异源双根缓解咖啡连作障碍及其机制初探
2024-03-10孙燕张昂赵青云董云萍龙宇宙林兴军
孙燕 张昂 赵青云 董云萍 龙宇宙 林兴军
摘 要:為明确异源双根是否能缓解咖啡连作障碍及其可能机制,本试验研究以大粒种咖啡1号(Caffea liberica, No. 1)和中粒种咖啡热研1号(Caffea canephora, Reyan No. 1)靠接形成大粒种-中粒种异源双根咖啡,通过咖啡连作障碍园土壤培养幼苗,评价植株苗木质量,明确异源双根对咖啡连作障碍的缓解作用。通过双根无分隔、尼龙网分隔、双盆分隔等不同分根方式试验,明确异源双根缓解咖啡连作障碍机制,并探讨双根间在缓解连作障碍上的差异及协同作用。结果表明:较连作障碍咖啡园非根际土,异源双根咖啡或同源双根咖啡经根际土培养后苗木质量指数、总的植株生物量均显著下降,连作逆境抑制咖啡生物量积累,使苗木质量变差;非根际土培养后,异源双根咖啡、同源双根咖啡的苗木质量指数或和总的植株生物量差异均不显著,;而根际土培养后,异源双根咖啡较同源双根咖啡的苗木质量指数、大粒种根系生物量、中粒种根系生物量及总的植株生物量均显著提高。因此,连作逆境虽抑制咖啡生长,但对同源双根咖啡影响更大,异源双根通过其大粒种根系缓解连作逆境咖啡生长障碍。为进一步明确异源双根尤其是大粒种根系缓解咖啡连作障碍的可能机制,以不同分根方式培养异源双根咖啡,发现较无分隔、双盆分隔处理,连作逆境下双根尼龙网分隔后植株苗木质量佳,并且尼龙网分隔后植株的中粒种根系长势最好,说明大粒种根系化感物质促进中粒种根系生长。双根无分隔、双盆分隔后植株的苗木质量差异不显著,无分隔较双盆分隔后植株的大粒种根系长势差,即双根系在能够彼此接触的自然生长状态下,中粒种根系抑制大粒种根系生长,但这种抑制作用与中粒种根际化感物质无关,尼龙网分隔、双盆分隔后植株的大粒种根系长势差异不显著,说明大粒种根际有无中粒种根际化感物质,对大粒种根系生长均无影响。综上所述,异源双根通过其大粒种根系减少自身在连作逆境中的化感抑制,利用其根际化感物质促进中粒种根系生长等,实现根壮苗壮,达到缓解咖啡连作障碍的目的。试验研究结论为异源双根靠接在大田的推广应用提供理论依据。

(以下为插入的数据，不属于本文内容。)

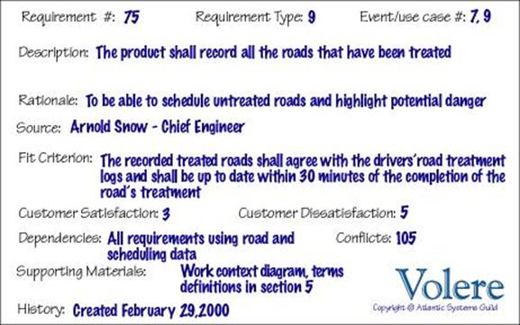 this document uses copyright material from the Volere Requirements
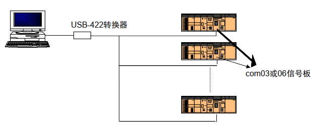 樓上兩位說的都對。232不支持1:N方式,422支持。可以增加com03或06的信號板。今天查了些資料,試了一下,一臺電腦與多臺PLC通過host link通信,走422。多臺PLC的422口并聯(lián)到一起,再接到USB-422轉(zhuǎn)換器,直接插電腦U口。網(wǎng)絡(luò)里面的PLC通過給不同的單元號來區(qū)分。
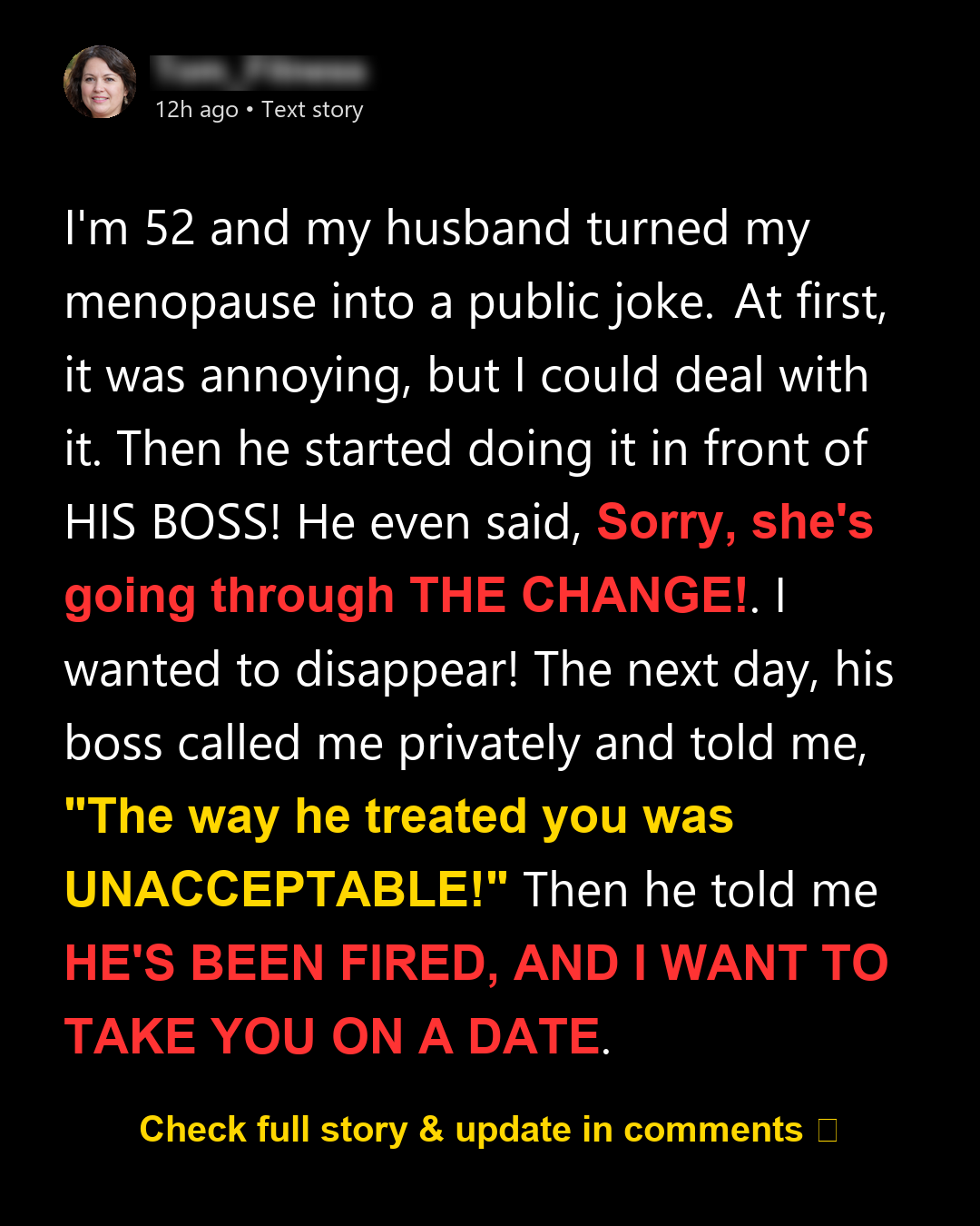 I’m 52 years old and have been married for 27 years. Yes, I am going through menopause. I wasn’t expecting special treatment, but I certainly wasn’t expecting my **OWN HUSBAND** to turn it into a running joke. It started innocently enough, or so I thought. Little “jokes” that he thought were hilarious. He would say things like, “Careful, don’t trigger a hot flash!” or “She forgot again — blame the hormones,” and even the classic, “Menopause brain strikes!” He would laugh as if it made his comments acceptable. Initially, these remarks were confined to the privacy of our home, but soon they began to creep into our social life, during dinners, BBQs, and when we had friends over.

关键词:咖啡;连作障碍;异源双根;分根培养;苗木质量中图分类号:S571.2 文献标识码:A
Heterologous Double-root Alleviated Coffee Continuous Cropping Obstacle and the Mechanism
SUN Yan1,2, ZHANG Ang1,2, ZHAO Qingyun1,2, DONG Yunping1,2, LONG Yuzhou1,2*, LIN Xingjun1,2
1. Spice and Beverage Research Institute, Chinese Academy of Tropical Agricultural Sciences / Innovation Platform for Academician Zhang Fusuo of Hainan Province / Key Laboratory of Genetic Resources Utilization of Spice and Beverage Crops, Ministry of Agriculture and Rural Affairs / Hainan Provincial Key Laboratory of Genetic Improvement and Quality Regulation for Tropical Spice and Beverage Crops, Wanning, Hainan 571533, China; 2.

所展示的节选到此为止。